The flash brightened the windows of the upstairs a bright green, noticed by the Carrow's hovering outside on the street. They started in the direction of the house, hurrying inside with little pause for fear of combatants. Now they'd seen the house it was impossible to miss, and they dared not look away for worry of forgetting it. They found the Dark Lord on the second floor, looming over the crib of a child, his wand pointed ready to make the killing blow.

"It seems Pettigrew had received information that the Chosen One is the son of the Longbottom family. The Potters have gone to protect him. I shall have to destroy the boy next, and all who stand guard over him. Never the less, while I am already here..." Voldemort stared at the child, considering it. When had he ever passed up on such a delectable opportunity to strike true fear into his enemies such as to murder their child in its crib? "The Potters must be punished for their defiance."

The Carrows grinned, both eyeing the child waiting to see its life fade in a green flash.

"Avada Kedavra!"

Green light shone, shooting from Voldemort's wand towards the boy. The Carrows were both blown back by the explosion that erupted when the spell hit and backfired. They hit the wall of the hallway and fell to the floor, the whole house rocking with the force of the explosion. Pictures fell from the wall, glass shattering over the stairs. The flickering sound of flames met their ears as the green fire scorched its way through a large chunk of the second floor.

Alecto was on her feet first. She lit her wand to see as she stood with a groan. The blast had left burns on her skin, cuts leaving tricking blood trails down her face.

The crib and the child inside still lay against one wall, but everything around it had been blown back and out. What remained of a single body was lying on the floor, affected by the blast as it had splattered blood and sizzling flesh across the room to all sides. There was no sign of the Dark Lord except his wand and tattered remains of his robes still smoking from the singe the blast had left.

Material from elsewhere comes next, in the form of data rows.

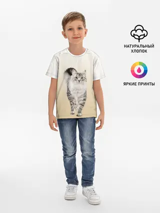 Мужская футболка оверсайз / Пушистый котик реалистичный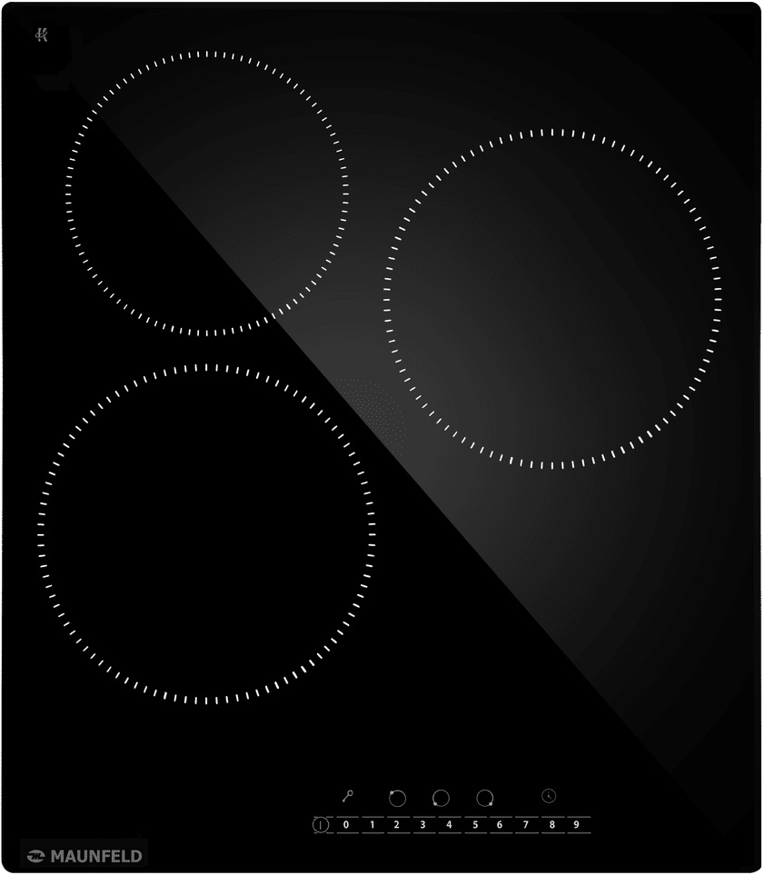Данная варочная панель имеет классический электрический нагрев, при котором сначала раскаляются конфорки (точнее элементы, скрытые под поверхностью), а затем передают это тепло посуде. Разобраться, как с ней работать, просто даже пожилым людям, привыкшим к плитам. Количество конфорок в этой модели: 3.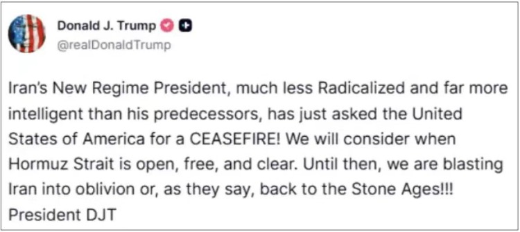 据CCTV国际时讯报道,美国总统特朗普4月1日在社交媒体发帖宣称,“伊朗新政权总统比他的前任们理性得多,也没那么极端,刚刚向美国请求停火!而我们要等到霍尔木兹海峡重新开放、畅通无阻时才会考虑。在那之前,我们会把伊朗炸成废墟,或者用他们的话说,炸回石器时代。”特朗普没有解释这个所谓的“伊朗新政权总统”究竟是谁。伊朗方面暂无回应。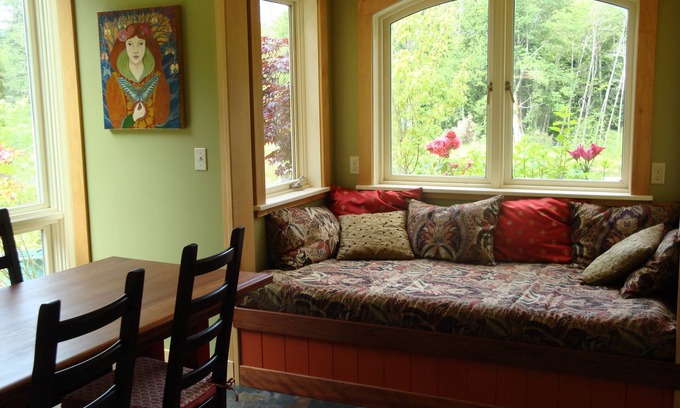 The kitchen is completely equipped for you to do your own meals . There is a large window seat for lounging . Right outside the kitchen is a patio with table and chairs for outside dining.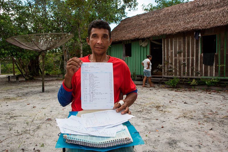 The cost. Former piassava worker Aelton José Pereira Muniz holds up a sheet of paper with the list of expenses he received from the boss. Some items were sold at three times their price. Photo by Fernando Martinho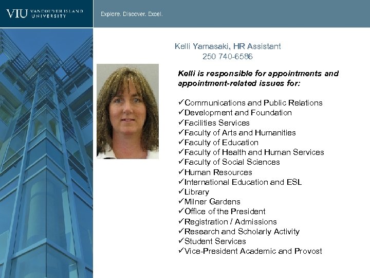 Kelli Yamasaki, HR Assistant 250 740 -6586 Kelli is responsible for appointments and appointment-related issues for: üCommunications and Public Relations üDevelopment and Foundation üFacilities Services üFaculty of Arts and Humanities üFaculty of Education üFaculty of Health and Human Services üFaculty of Social Sciences üHuman Resources üInternational Education and ESL üLibrary üMilner Gardens üOffice of the President üRegistration / Admissions üResearch and Scholarly Activity üStudent Services üVice-President Academic and Provost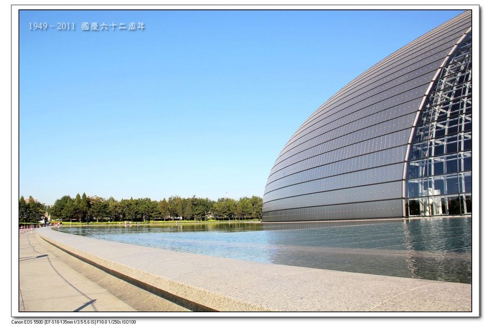 从人民大会堂南侧的小路走进去,就走到了国家大剧院。这里照相最美的不是正门,而是它的南边。

Amycus raced to his feet behind her, taking in the jagged, burnt crib bars and the child still unharmed despite the carnage of the room. "How – How has this happened?"

Alecto had no answer, the possibilities of spells, charms or the like too unknown to her. "A shield charm?"

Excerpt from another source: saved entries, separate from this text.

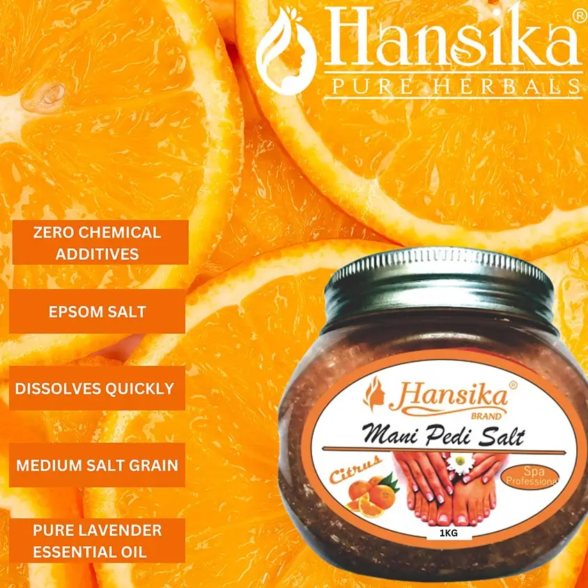 Hansika Citrus Bath Salt is enriched with vitamin C and essential minerals to brighten the skin and provide a refreshing, energizing bath experience.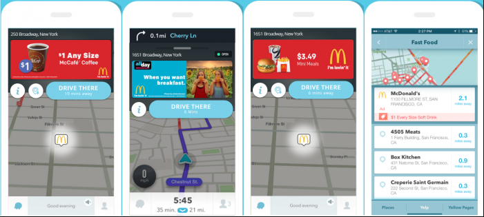 - Waze displays location-based ads that are relevant to users’ current driving context, such as nearby gas stations or restaurants.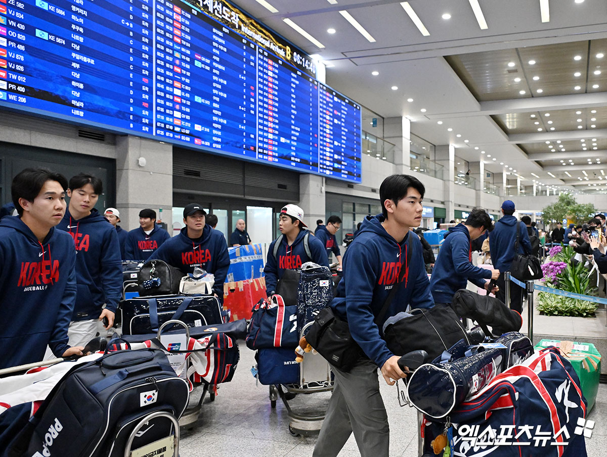 야구 대표팀 선수들이 입국장을 빠져나가고 있다.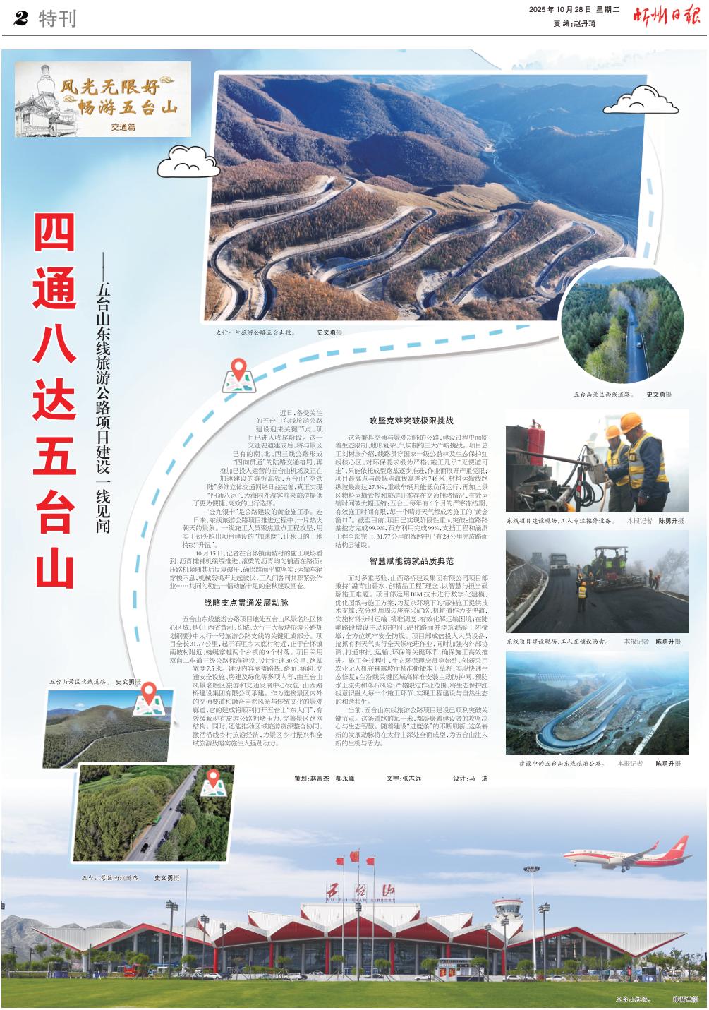 近日,備受關(guān)注的五臺(tái)山東線旅游公路建設(shè)迎來關(guān)鍵節(jié)點(diǎn),項(xiàng)目已進(jìn)入收尾階段。這一交通要道建成后,將與景區(qū)已有的南、北、西三線公路形成“四向貫通”的陸路交通格局,再疊加已投入運(yùn)營(yíng)的五臺(tái)山機(jī)場(chǎng)及正在加速建設(shè)的雄忻高鐵,五臺(tái)山“空鐵陸”多維立體交通網(wǎng)絡(luò)日益完善,真正實(shí)現(xiàn)“四通八達(dá)”,為海內(nèi)外游客前來旅游提供了更為便捷、高效的出行選擇。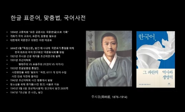 1894년 갑오개혁기 칙령에서는 “법률·칙령은 국문을 본으로 한다”는 조항이 포함돼 공문서에 국문 사용이 공식화됐다. 이후 1921년 조선어연구회, 1931년 조선어학회로 이어지며, 1933년 민간 주도로 「한글 맞춤법 통일안」이 제정됐다.

"There are none that could prevent the killing curse," Amycus hissed. "Are there?"

The child was crying, drawing Amycus nearer to it like a shark drawn to blood in the water. He pointed his wand, stopped only by Alecto grabbing him.

"We should kill it," Amycus yelled, straining to pull his arm from the grip of Alecto's stubby fingers.

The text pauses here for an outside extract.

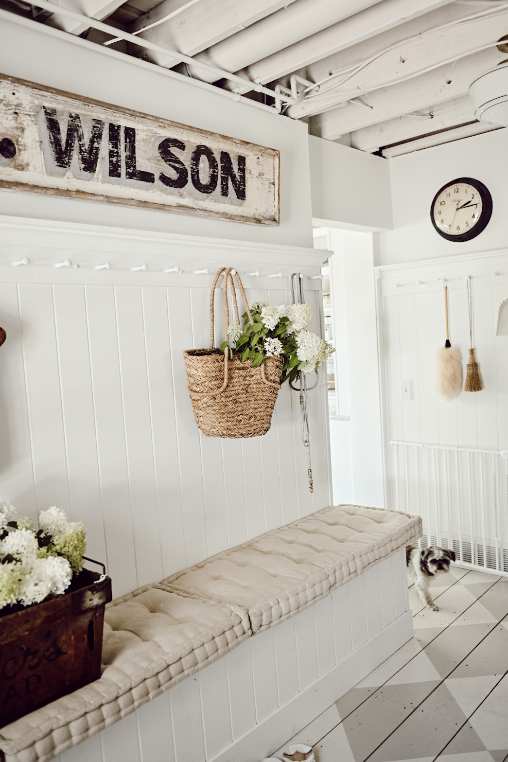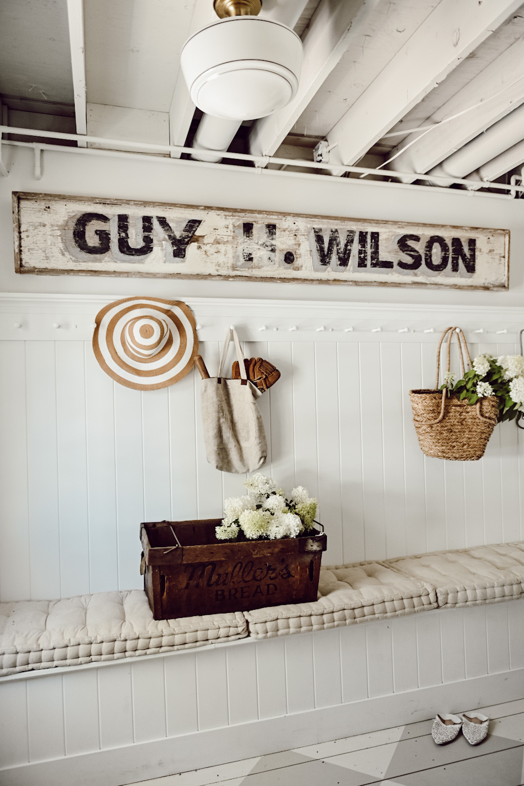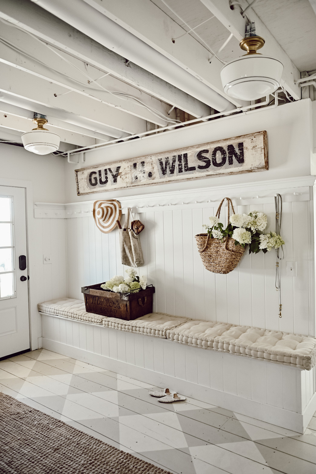 This is our mudroom and I’ve been meaning to hang this antique sign up for forever now. Today I finally wanted to refresh the space, so I had Jose help me hang it up. I found the sign while out antiquing a couple years ago out of state and it’s so long that it needed the perfect wall to go on and this wall in our mudroom was the perfect size for it because I didn’t need to put anything else on the wall beside this long sign.

Neither Carrow was very bright. In fact, they were overall a very dim witted pair. They were both drawn to violence and power over knowledge and wisdom, but Alecto was at the least a single, very small candle brighter than her brother. She stared at the child a moment, knowing time was likely short.

In a rush, she grabbed the boy from the crib, taking nothing but the child as she struggled to figure out how to hold it. "Blood, spill some into the box thing that holds it."

"What?"

"Do it!" Alecto yelled, disgusted by the blubbering of the child squirming in her hands. She held it tightly around the waist with both hands, keeping its arms out of swinging distance from her. Harry whined pitifully, a look of distress on his face that might have melted anyone with a semblance of a soul into showing him some mercy.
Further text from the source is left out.